- Abbreviation: LIBE
- Type: Standing committee
- Legislature: European Parliament
- Parliamentary term: 10th European Parliament
- Chair: Javier Zarzalejos EPP, Spain
- Vice-Chairs: Marina Kaljurand (S&D) Charlie Weimers (ECR) Alessandro Zan (S&D) Estrella Galán (The Left)
- Members: 75
- Political composition: EPP: 20 · S&D: 13 · ECR: 8 · Renew: 9 PfE: 9 · Greens/EFA: 6 · The Left: 5 ESN: 3 · NI: 2
- Jurisdiction: Fundamental rights, data protection, asylum and migration, border management, police and judicial cooperation, and internal security
- Counterpart: Justice and Home Affairs Council
- Website: Official website

= European Parliament Committee on Civil Liberties, Justice and Home Affairs =

European Parliament committee

The Committee on Civil Liberties, Justice and Home Affairs (LIBE) is a standing committee of the European Parliament. It is responsible for legislation and parliamentary oversight concerning fundamental rights, the rule of law, data protection, asylum and migration, external borders, police and judicial cooperation, and internal security within the European Union.

== Responsibilities ==

The committee is responsible for the protection within the European Union of citizens' rights, human rights and fundamental rights, including those set out in the Charter of Fundamental Rights of the European Union. Its work also covers measures to combat discrimination other than discrimination based on sex or discrimination occurring in the workplace and labour market.

Its remit includes:

- legislation concerning the protection of personal data and privacy;
- the establishment and development of an area of freedom, security and justice;
- asylum, migration and the integrated management of the European Union's external borders;
- judicial cooperation in criminal matters;
- police and customs cooperation, including measures against organised crime, terrorism and other threats to public security;
- the work of agencies and bodies operating in the area of freedom, security and justice, including Europol, Eurojust, Frontex, the European Union Agency for Asylum, the European Union Agency for Fundamental Rights, eu-LISA, CEPOL and the European Union Drugs Agency; and
- determining whether there is a clear risk of a serious breach by a member state of the values on which the European Union is founded.

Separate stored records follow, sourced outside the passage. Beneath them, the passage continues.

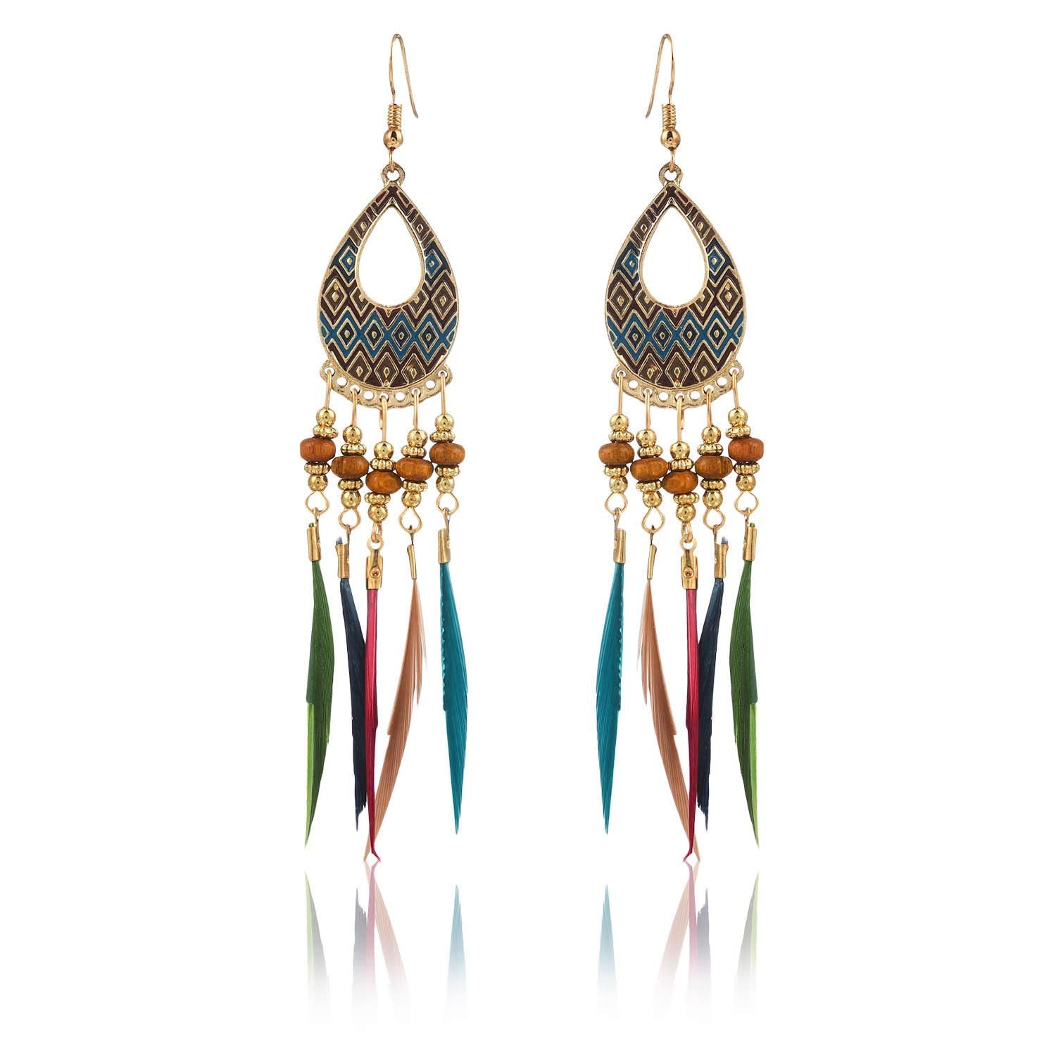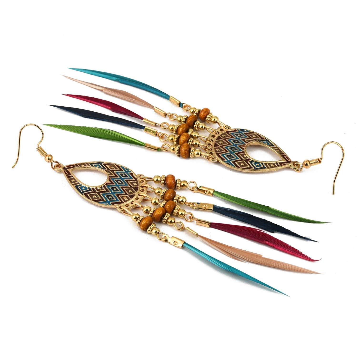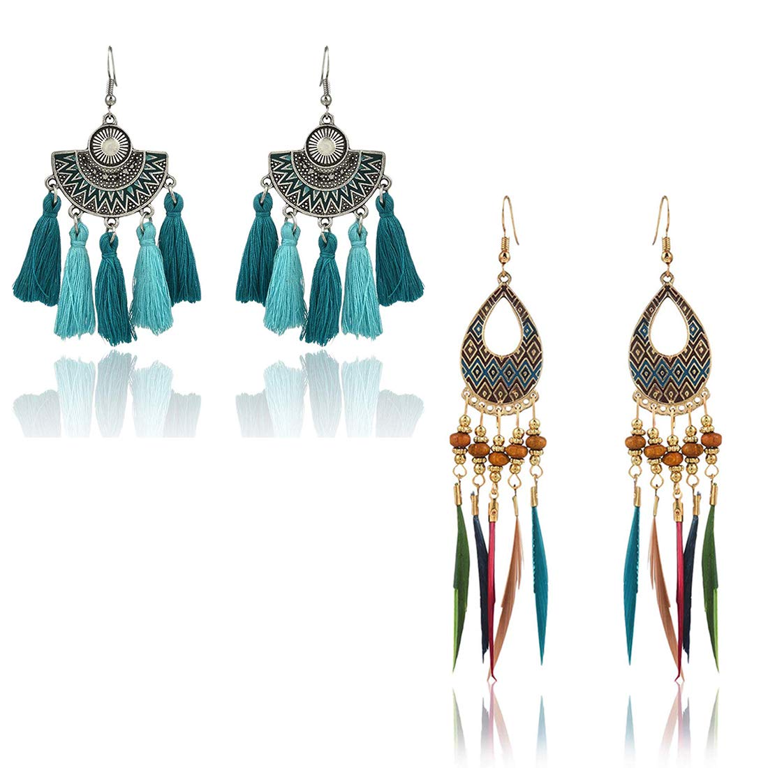 Yellow Chimes Two Pairs Feather Tassel Earrings For Women and Girls Combo of 2 Pairs Stylish Multicolor Feather Green Blue Tassel Earrings from Your Own Yellow Chimes. These designer earrings will complement any Occasion Formal/ Casual/ Party Wear Produced under Quality Control; One by One Checking; Focus on Detail Processing. Top Quality/ Latest Trend Design/Anti-Allergy Beautiful Looks at One Glance- with Intricate High Polish creates Glamorous Reflections and adds Luxurious Looks. Skin Friendly-: Lead & Nickel Free in compliance with all International Requirements , Size - 11 * 2 CM Gift for Her - Ideal Valentine, Birthday, Anniversary gift for someone you Love.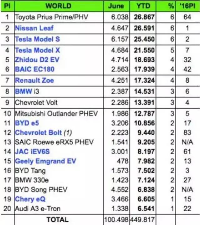全球純電動(dòng)汽車銷量排名,車型排名統(tǒng)計(jì)的是純電動(dòng)汽車和插電式混合動(dòng)力汽車放在一起的結(jié)果,所以上半年全球賣的最好的電動(dòng)車型竟然是豐田的普銳斯,半年2.7萬(wàn)輛。排名第二是日產(chǎn)聆風(fēng),三四名都是特斯拉的,直到第五名才出現(xiàn)國(guó)產(chǎn)品牌車型,而且是知豆D2。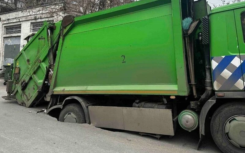 У Дніпрі місце, де провалився під асфальт сміттєвоз, перетворилося на величезну яму (ВІДЕО)

The committee also scrutinises policies relating to the rule of law and fundamental rights and maintains working groups on subjects including Schengen and borders, the Common European Asylum System and the implementation of the Artificial Intelligence Act.

== Chairs ==

The following table lists the chairs of the committee since 2004.

| Name |  | Political group | Member state | Took office | Left office |
|---|---|---|---|---|---|
|  | Jean-Louis Bourlanges | ALDE | France France | 2004 | 2009 |
|  | Juan Fernando López Aguilar | S&D | Spain Spain | 2009 | 2014 |
|  | Claude Moraes | S&D | United Kingdom United Kingdom | 2014 | 2019 |
|  | Juan Fernando López Aguilar | S&D | Spain Spain | 2019 | 2024 |
|  | Javier Zarzalejos | EPP | Spain Spain | 2024 | Incumbent |

== Members ==

=== 10th Parliament, 2024–2029 ===

The committee consists of 75 full members. Its current composition is shown below, with the chair and vice-chairs indicated in italics.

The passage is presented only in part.